# Tivo Desktop 2.2 Problem



## Neotrin (Dec 29, 2005)

Every time I shut my computer off, Tivo desktop fails. Sometimes it just won't load, sometimes says that tivo server not available, sometimes tivo beacon service not available.

If I uninstall it, then reinstall, it works fine...until I shut off my computer again.


----------



## Neotrin (Dec 29, 2005)

Additional info: Here is the sequence of what happens:

1. Shut off computer and restart.

2. Tivo desktop won't load.

3. I use Windows tool to remove desktop, which reports an "Eaccess Violation".

4. If I try to reinstall Tivo desktop at this point, it still won't load, so I must reboot my computer again.
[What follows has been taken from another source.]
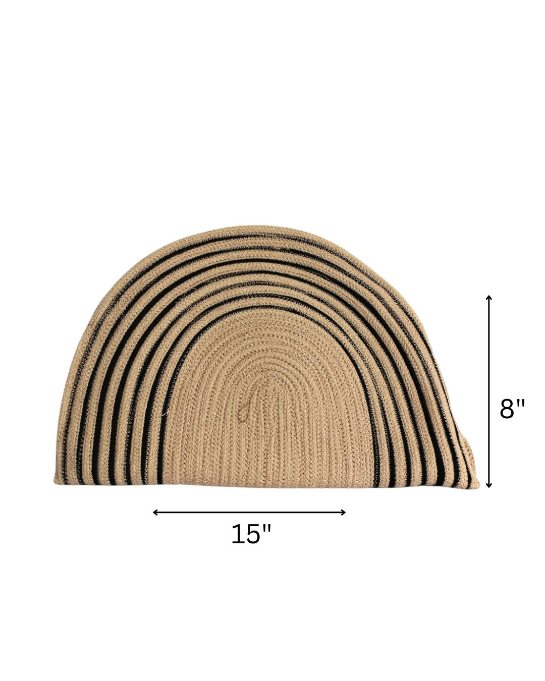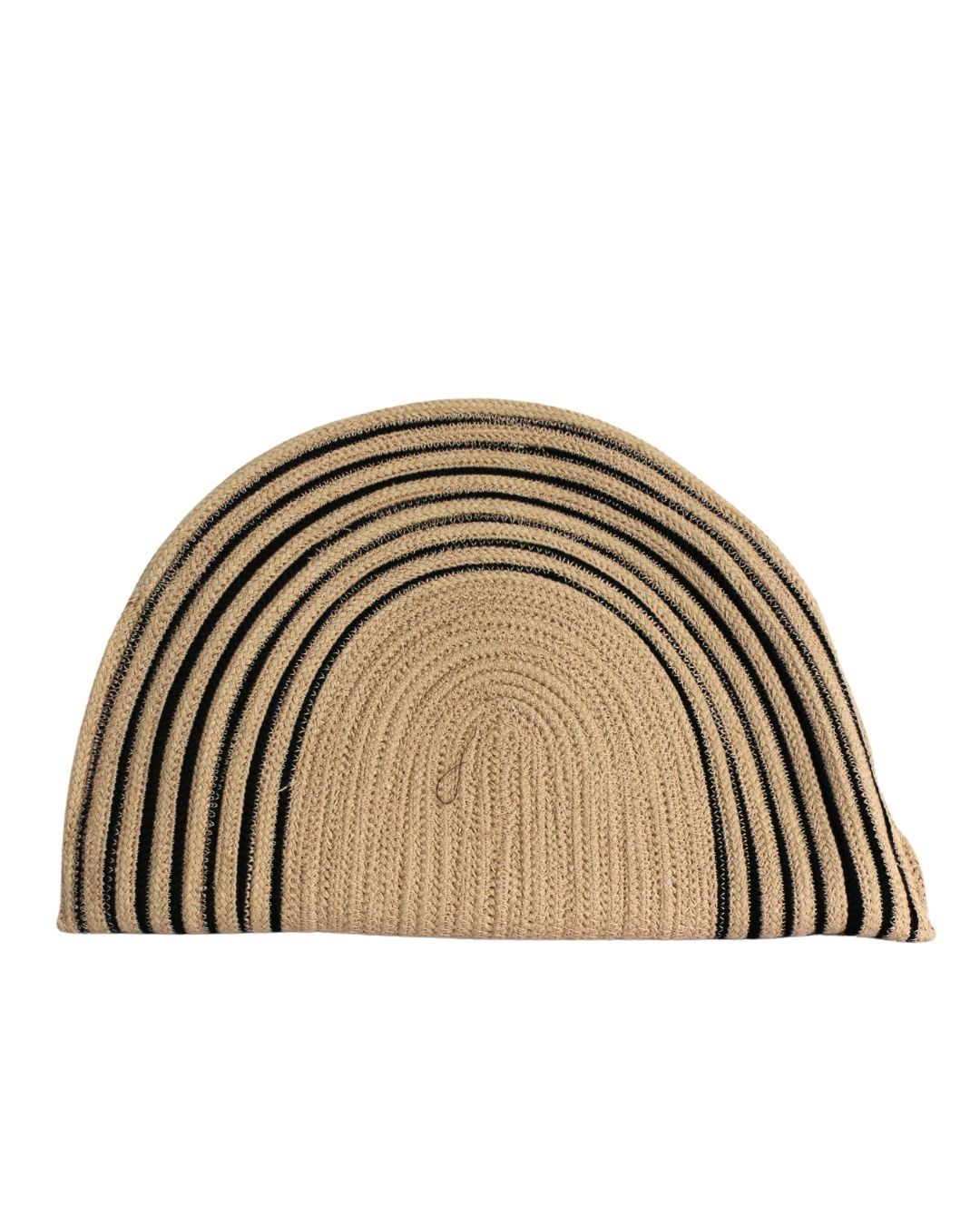 This chic half-moon clutch bag features natural beige cord with striking black accents, combining style, texture, and versatility.

5. Reinstall Tivo Desktop and it works ... until I shut off my computer again.


----------



## Andrewp75 (Aug 4, 2004)

I am having the same problem. Anyone have any solutions??


A


----------



## Andrewp75 (Aug 4, 2004)

Actually, try to go into services in control panel and manually start tivo beacon, then try to open Tivo Desktop.

A


----------



## veejmar (Apr 20, 2005)

Hello,

Having similar problems to the posts above. TiVo ToGo Desktop 2.2 works great...until I re-boot my PC. Shortly after I boot-up, I get a message that the TiVo Server is not responding and my entire pc crashes. Once I remove Desktop 2.2, my system runs great. Any ideas on what may be causing this problem and how to get rid of it would be greatly appreciated. I've searched the forums for solutions, but didn't find anything so my apologies if this info. is posted elsewhere. Thanks in advance.  
--Vince


----------



## rtsmith2 (Feb 12, 2005)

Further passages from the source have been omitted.